▶ **Dataset excerpt**

● ● ● ● ● ● ●

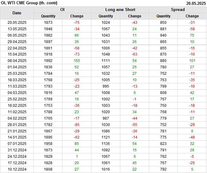 WTI. Открытый интерес на 24 мая 2025
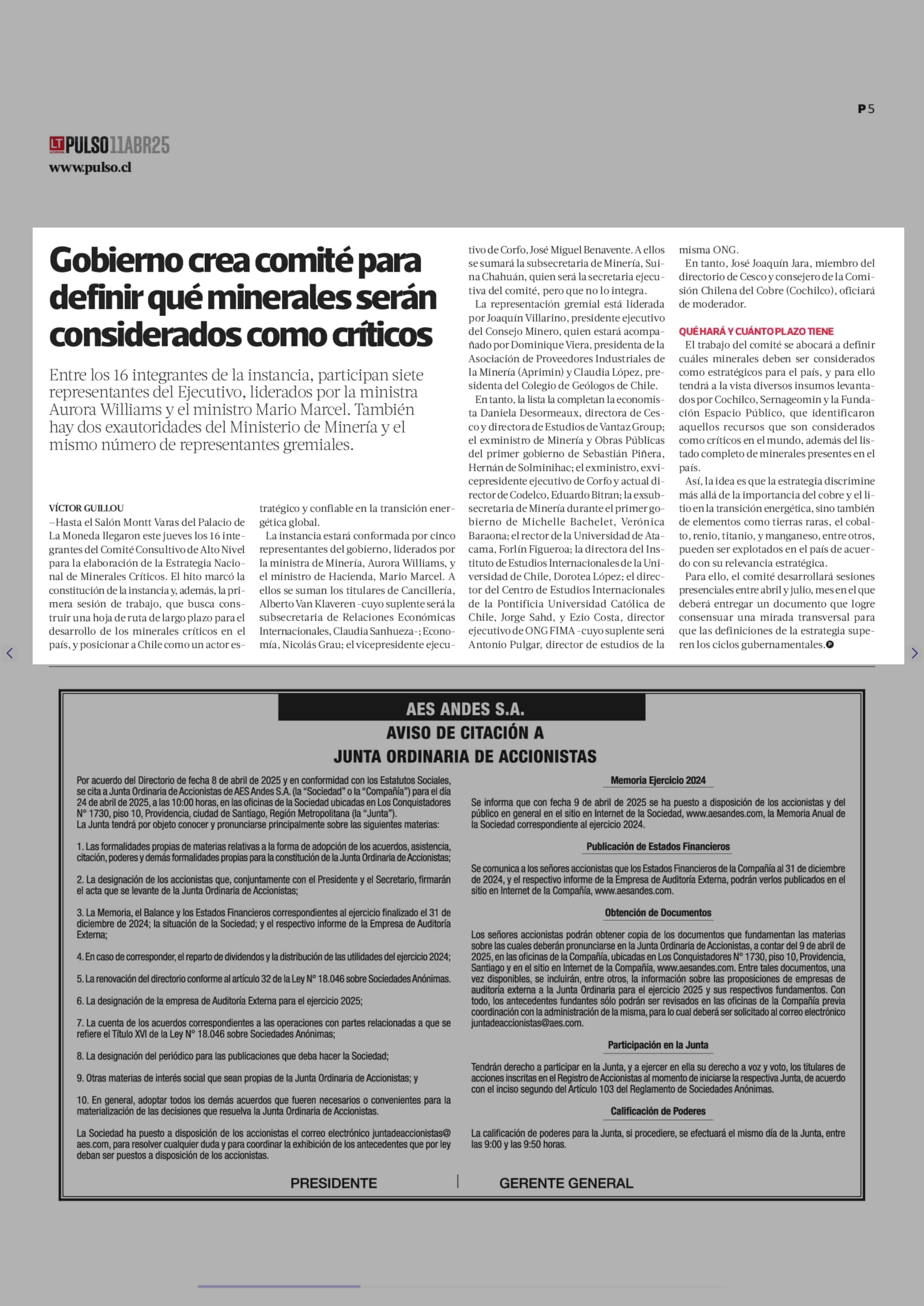 Gobierno crea comité para definir qué minerales serán considerados como críticos 11-04-2025 La Tercera |
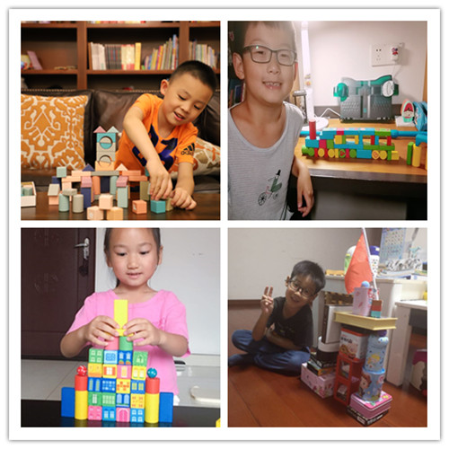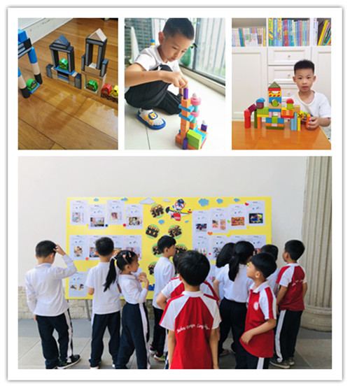 积木的形状比较规则,学生喜欢积木,也有玩积木的体验,玩积木能让孩子们热情地参与数学学习活动。孩子们在用不同形体进行拼搭的过程中,再次感受相关形体的主要特征,加深了对相关形体的认识,形成正确的表象。从孩子们的活动照片中,看得出孩子们兴致勃勃,富有一定的创造性,孩子们真正在玩中学数学。

● ● ● ● ● ● ●

▶ **Action item**
Only the lines from the one containing "Gobierno crea comité" through the final line of the material should appear in the answer, copied exactly and without any picture.

▶ **Expected output**
 Gobierno crea comité para definir qué minerales serán considerados como críticos 11-04-2025 La Tercera |
 积木的形状比较规则,学生喜欢积木,也有玩积木的体验,玩积木能让孩子们热情地参与数学学习活动。孩子们在用不同形体进行拼搭的过程中,再次感受相关形体的主要特征,加深了对相关形体的认识,形成正确的表象。从孩子们的活动照片中,看得出孩子们兴致勃勃,富有一定的创造性,孩子们真正在玩中学数学。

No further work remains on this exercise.